Os fabricantes de máquinas agrícolas se antecipam à nova legislação de emissões de poluentes e colocam à disposição do mercado equipamentos mais eficientes e que agridem menos o meio ambiente.
Isso para atender à Lei denominada PROCONVE MAR-1 (Máquinas Agrícolas e Rodoviárias – Fase 1), que entrou em vigor em 1º de janeiro de 2017 e estabelece, a partir de critérios técnicos, um limite máximo de emissão de poluentes às máquinas agrícolas e de construção (rodoviária) novas, nacionais e importadas com potência igual ou maior de 75 kW.
Portanto, equipamentos com essa potência (igual ou maior de 75kW) não poderão emitir mais do que 5,0 g/kWh de CO (monóxido de carbono), 4,0 g/kWh de HC + NOx (hidrocarbonetos e óxidos de nitrogênio) e 0,3 g/ kWh de MP (material particulado Similar à norte-americana Tier 3 ou à europeia Stage IIIA, a lei faz parte do PROCONVE (Programa de Controle da Poluição do Ar por Veículos Automotores), criado em 1986 pelo CONAMA (Conselho Nacional do Meio Ambiente), que estabeleceu diretrizes, prazos e padrões legais de emissão para diferentes categorias de veículos automotores.
Para os veículos leves e pesados, a fase 1 do programa começou a valer a partir de 1989. A segunda etapa, de acordo com a Resolução CONAMA 433/2011, se inicia com o PROCONVE MAR-1.
Para atender aos limites da legislação, novas tecnologias devem ser empregadas, tais como: controle eletrônico de injeção; recirculação do gás de escapamento ou EGR (Exhaust Gas Recirculation), em inglês; redução catalítica seletiva ou SCR (Selective Catalityc Reduction), em inglês. De acordo com a ANFAVEA (Associação Nacional dos Fabricantes de Veículos Automotores), se comparada com motores não certificados ou não regulamentados, a redução da poluição de material particulado da fase MAR-1 pode chegar a 85% e a de NOx (óxidos de nitrogênio) até 75%.
Empresas engajadas na nova legislação
A FPT Industrial, responsável pelos motores à diesel de todos os produtos do Grupo CNH Industrial, já possui uma linha que atende às novas exigências.
A companhia é a produtora com maior quantidade de motores homologados em conformidade com a legislação MAR-I no mercado sul-americano. O lançamento oficial do portfólio Tier 3 da empresa foi apresentado na Agrishow deste ano.

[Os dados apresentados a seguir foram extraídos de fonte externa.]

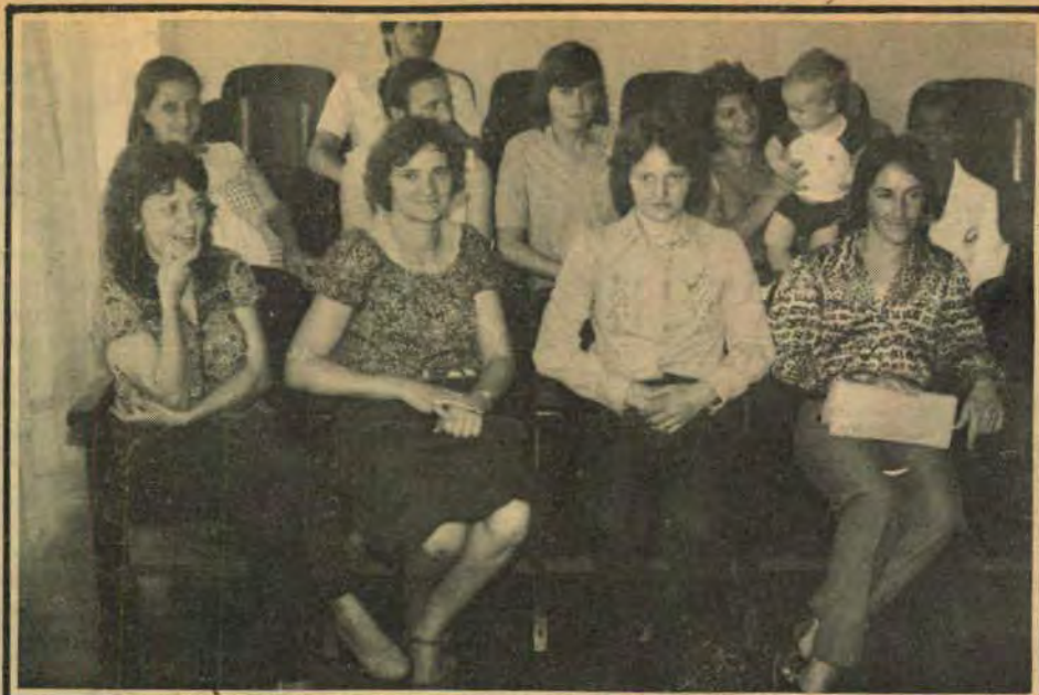
... E as professoras demitidas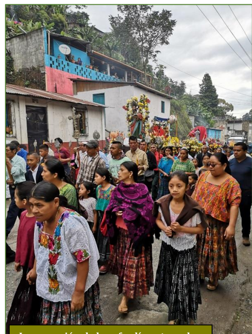
La procesión de la cofradía patronal

Su origen se remonta al medioevo, donde se erigieron en catalizadoras de una catequesis cercana al pueblo, aunque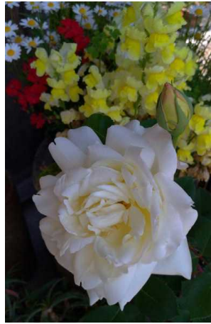
ネージュパルパン 鉢植えです。 蕾(右)が一昨日、開きました(左)。

これからの一ヶ月あまりが庭の最盛期ですね。庭のガーデナー(残念ながら私ではありませんよ)いわく、「十一ヶ月のメンテナンスはこの日のためにあつた」かのような花々の競演が始まります。五月中旬から六月はじめてがローズガーデンとなります。

“Levamos para a feira, toda a linha de produtos que já atendem as novas normas de emissões. Dentro do projeto, a FTP desenvolveu 49 motores de todas as famílias de propulsores que são específicos para utilização no mercado agrícola e de construção, sendo que a companhia já conseguiu a validação de 30 motores em conformidade com a nova legislação”, disse Marco Aurélio Rangel, presidente da FPT Industrial para a América Latina, afirmando que os outros 19 devem ser homologados até o final do ano.

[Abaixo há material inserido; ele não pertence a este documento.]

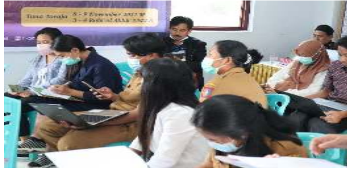
Gambar 6. Mengakses Website Desa

Segundo o executivo, o processo de desenvolvimento e testes dos motores menos poluentes envolveu mais de 12 meses de trabalho conjunto da equipe de engenheiros do Centro Técnico da FPT e clientes.
Os novos motores menos poluentes da marca já podem ser encontrados na nova linha de colheitadeiras e tratores da CNH Industrial, além de máquinas de construção, geradores e sistemas de irrigação de diversos fabricantes. Como por exemplo, a linha Axial-Flow Série 130, da Case IH, composta pelas colheitadeiras AF4130 e AF5130, que são equipadas com o motor BEF6, e os modelos AF6130 e AF7130, equipados com o Cursor-9, já homologados para atender à norma PROCONVE/MAR-I no mercado brasileiro.
As máquinas da New Holland também têm motores FPT Industrial, como também nos tratores Landforce e Landpower, da Landini, empresa do Grupo Argo Tractors, destinados ao mercado brasileiro. A Jimenez Irrigação, empresa que atua principalmente no mercado nacional de sistemas de bombeamento e geração de energia, como a Stemac, o Grupo Bambozzi e a Lintec também equipam grande parte de seus geradores com os motores da FPT Industrial.
Cronograma da nova legislação MAR-1
A fase MAR-1 entrou em vigor de forma escalonada. Para as máquinas de construção lançadas no mercado de potência igual ou superior a 37 kW (50 cv) até 560 kW (761 cv), iniciou-se em 2015. Já para todos os modelos com potência igual ou superior a 19 kW (25 cv) até 560 kW (761 cv), começa a partir de 1º de janeiro de 2017.
Para máquinas agrícolas, a legislação começa a valer no dia 1º de janeiro de 2017, para todos os modelos com potência igual ou superior a 75 kW (101 cv) até 560 kW (761 cv), e em 2019, para todos os modelos com potência igual ou superior a 19 kW (25 cv) até 75 kW (101 cv).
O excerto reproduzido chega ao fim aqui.